(Given data begins)

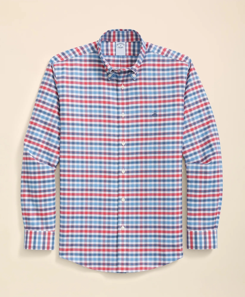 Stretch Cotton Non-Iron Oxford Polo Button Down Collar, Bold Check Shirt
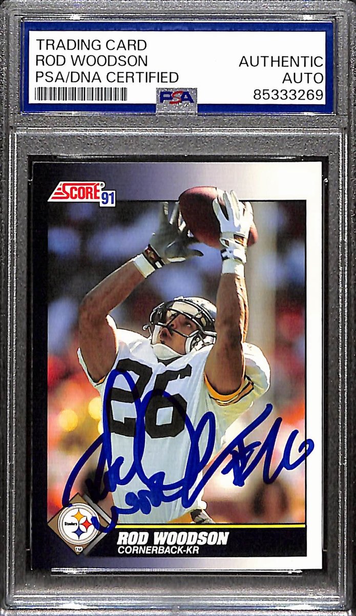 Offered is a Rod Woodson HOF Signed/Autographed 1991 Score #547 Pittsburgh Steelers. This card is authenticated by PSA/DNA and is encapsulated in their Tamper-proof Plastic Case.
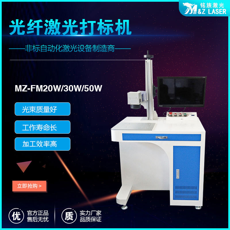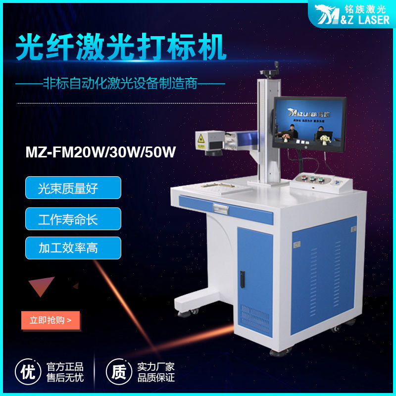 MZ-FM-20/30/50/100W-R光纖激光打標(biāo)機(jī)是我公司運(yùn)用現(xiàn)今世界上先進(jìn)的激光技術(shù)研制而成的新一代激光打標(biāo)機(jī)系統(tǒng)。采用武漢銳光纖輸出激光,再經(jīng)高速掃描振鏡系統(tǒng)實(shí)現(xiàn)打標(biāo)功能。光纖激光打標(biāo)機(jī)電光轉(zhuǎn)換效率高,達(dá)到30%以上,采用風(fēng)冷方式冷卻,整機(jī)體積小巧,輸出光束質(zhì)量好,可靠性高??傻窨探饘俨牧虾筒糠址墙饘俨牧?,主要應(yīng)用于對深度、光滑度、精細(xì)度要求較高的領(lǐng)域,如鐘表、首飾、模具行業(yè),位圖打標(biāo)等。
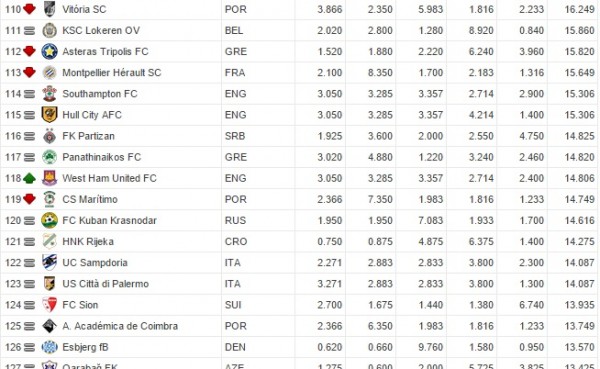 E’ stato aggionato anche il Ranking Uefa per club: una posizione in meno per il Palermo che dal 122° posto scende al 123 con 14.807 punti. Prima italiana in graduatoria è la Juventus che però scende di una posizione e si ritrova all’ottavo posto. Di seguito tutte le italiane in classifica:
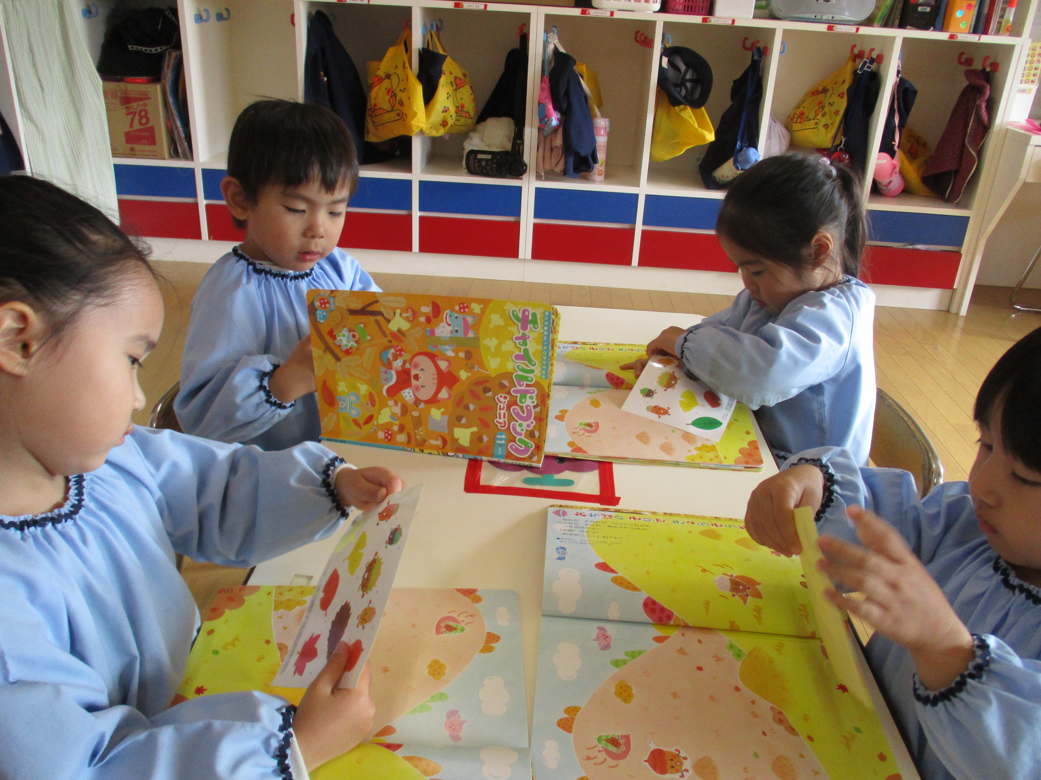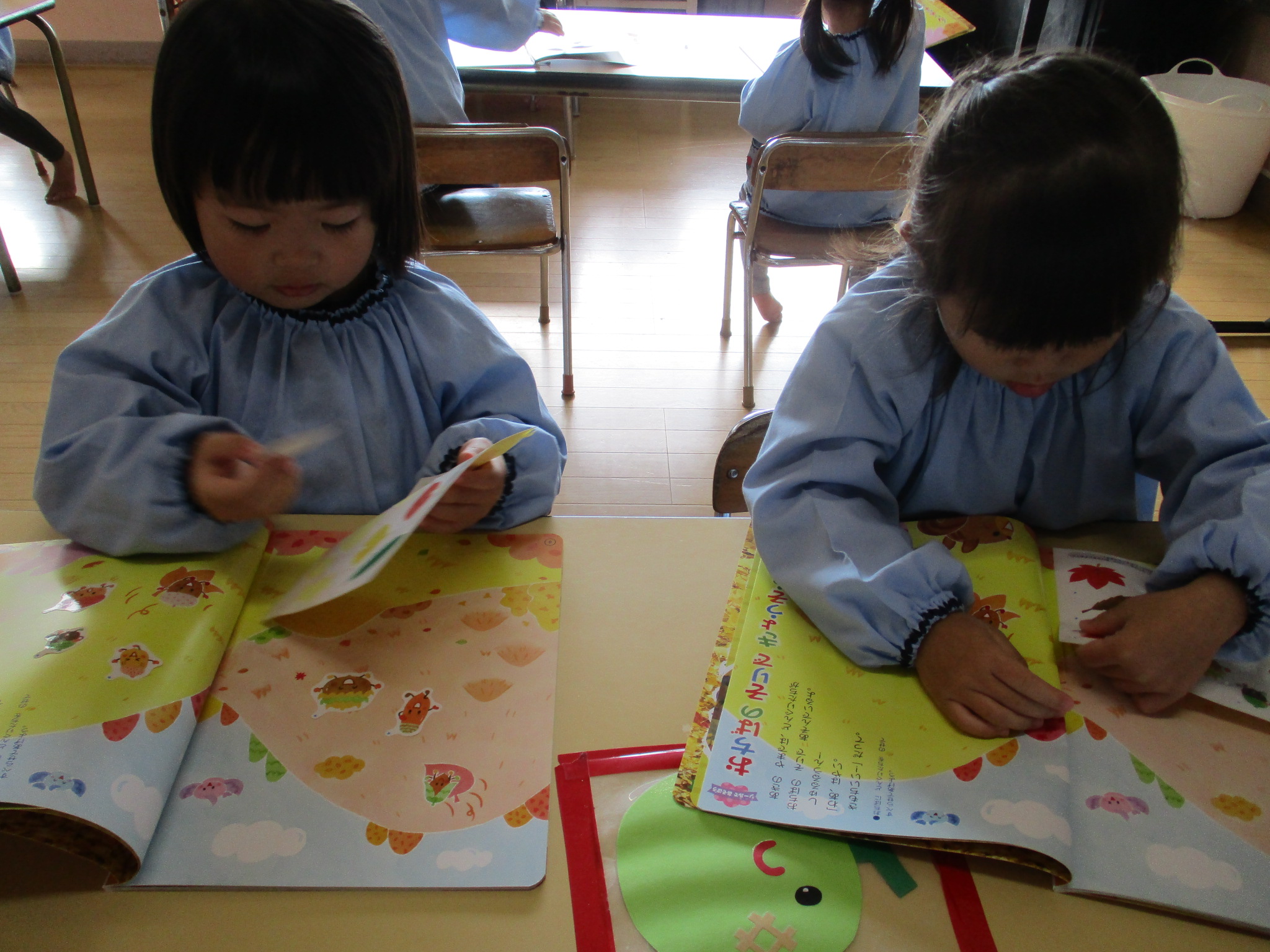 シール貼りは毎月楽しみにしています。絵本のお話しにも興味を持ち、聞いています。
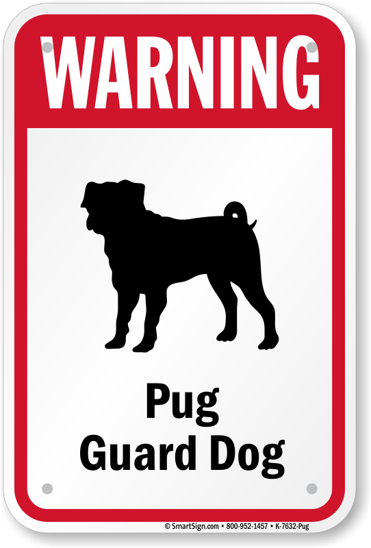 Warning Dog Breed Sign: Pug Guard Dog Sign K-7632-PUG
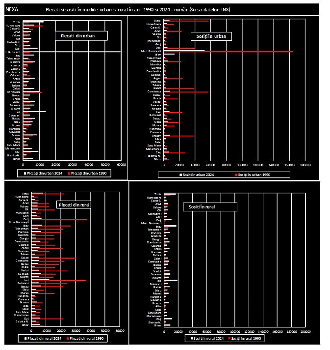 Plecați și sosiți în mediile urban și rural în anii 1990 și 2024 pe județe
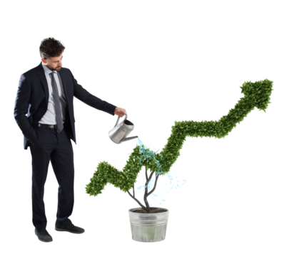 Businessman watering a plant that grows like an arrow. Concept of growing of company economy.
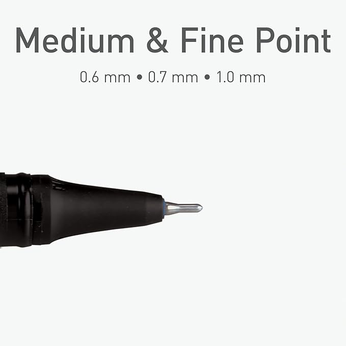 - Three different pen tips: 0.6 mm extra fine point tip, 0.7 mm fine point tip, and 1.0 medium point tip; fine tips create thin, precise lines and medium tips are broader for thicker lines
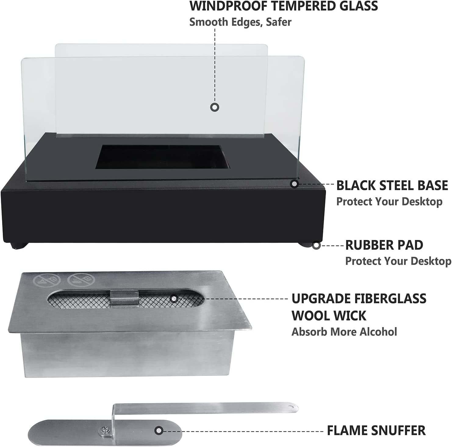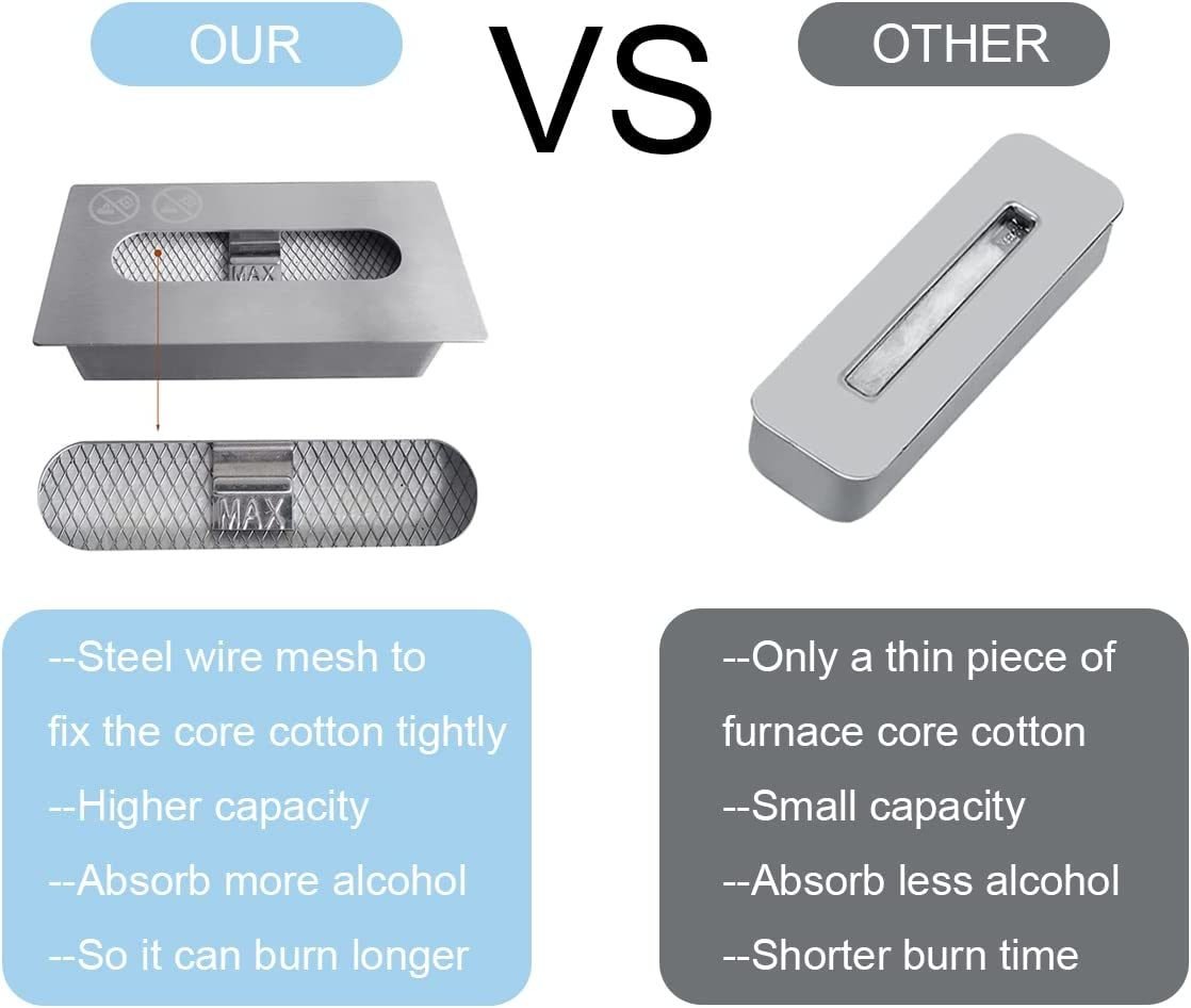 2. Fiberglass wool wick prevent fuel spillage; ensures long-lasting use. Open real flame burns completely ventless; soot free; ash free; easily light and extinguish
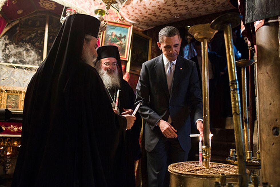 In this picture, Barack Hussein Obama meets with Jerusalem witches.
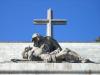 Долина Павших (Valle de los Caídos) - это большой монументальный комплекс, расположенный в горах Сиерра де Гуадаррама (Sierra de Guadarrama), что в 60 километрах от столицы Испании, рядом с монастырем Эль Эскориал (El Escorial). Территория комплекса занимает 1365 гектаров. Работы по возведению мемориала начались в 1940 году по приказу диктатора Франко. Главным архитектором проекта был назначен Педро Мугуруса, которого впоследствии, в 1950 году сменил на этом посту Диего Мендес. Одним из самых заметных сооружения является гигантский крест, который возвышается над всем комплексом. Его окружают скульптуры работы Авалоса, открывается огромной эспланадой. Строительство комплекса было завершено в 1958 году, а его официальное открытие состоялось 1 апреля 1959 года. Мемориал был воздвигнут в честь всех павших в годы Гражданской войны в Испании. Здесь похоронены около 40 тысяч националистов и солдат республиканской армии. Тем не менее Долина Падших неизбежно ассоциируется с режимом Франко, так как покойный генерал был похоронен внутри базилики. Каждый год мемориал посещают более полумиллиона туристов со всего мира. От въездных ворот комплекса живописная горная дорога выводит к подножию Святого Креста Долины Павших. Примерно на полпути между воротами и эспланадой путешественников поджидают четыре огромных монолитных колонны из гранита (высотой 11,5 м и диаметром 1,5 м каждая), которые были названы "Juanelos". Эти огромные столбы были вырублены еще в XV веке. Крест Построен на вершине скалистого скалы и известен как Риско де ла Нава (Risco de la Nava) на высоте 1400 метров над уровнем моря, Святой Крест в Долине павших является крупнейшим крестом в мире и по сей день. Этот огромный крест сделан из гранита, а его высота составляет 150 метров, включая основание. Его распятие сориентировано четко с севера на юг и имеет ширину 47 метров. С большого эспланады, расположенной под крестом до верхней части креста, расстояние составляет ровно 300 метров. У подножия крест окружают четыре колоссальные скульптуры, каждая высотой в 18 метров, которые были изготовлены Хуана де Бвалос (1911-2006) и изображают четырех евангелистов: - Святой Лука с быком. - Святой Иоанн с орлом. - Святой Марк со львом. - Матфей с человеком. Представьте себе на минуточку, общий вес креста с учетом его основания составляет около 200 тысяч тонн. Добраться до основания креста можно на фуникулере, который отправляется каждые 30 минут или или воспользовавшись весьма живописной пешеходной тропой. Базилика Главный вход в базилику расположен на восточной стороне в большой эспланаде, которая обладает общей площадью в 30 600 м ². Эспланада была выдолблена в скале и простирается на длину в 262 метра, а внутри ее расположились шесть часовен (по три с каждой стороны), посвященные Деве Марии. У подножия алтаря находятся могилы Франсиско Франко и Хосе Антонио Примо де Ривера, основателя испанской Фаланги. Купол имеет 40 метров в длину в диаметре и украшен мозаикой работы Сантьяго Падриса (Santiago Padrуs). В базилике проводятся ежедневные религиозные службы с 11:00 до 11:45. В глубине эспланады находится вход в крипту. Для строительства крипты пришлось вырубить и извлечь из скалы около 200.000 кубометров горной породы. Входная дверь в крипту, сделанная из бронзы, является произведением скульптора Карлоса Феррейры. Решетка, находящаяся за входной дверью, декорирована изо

(Given data ends)

Your instructions – Repeat the records above exactly, from the first line through the line containing "Offered is a", and leave out the pictures.

Exercise output –
 Stretch Cotton Non-Iron Oxford Polo Button Down Collar, Bold Check Shirt
 Offered is a Rod Woodson HOF Signed/Autographed 1991 Score #547 Pittsburgh Steelers. This card is authenticated by PSA/DNA and is encapsulated in their Tamper-proof Plastic Case.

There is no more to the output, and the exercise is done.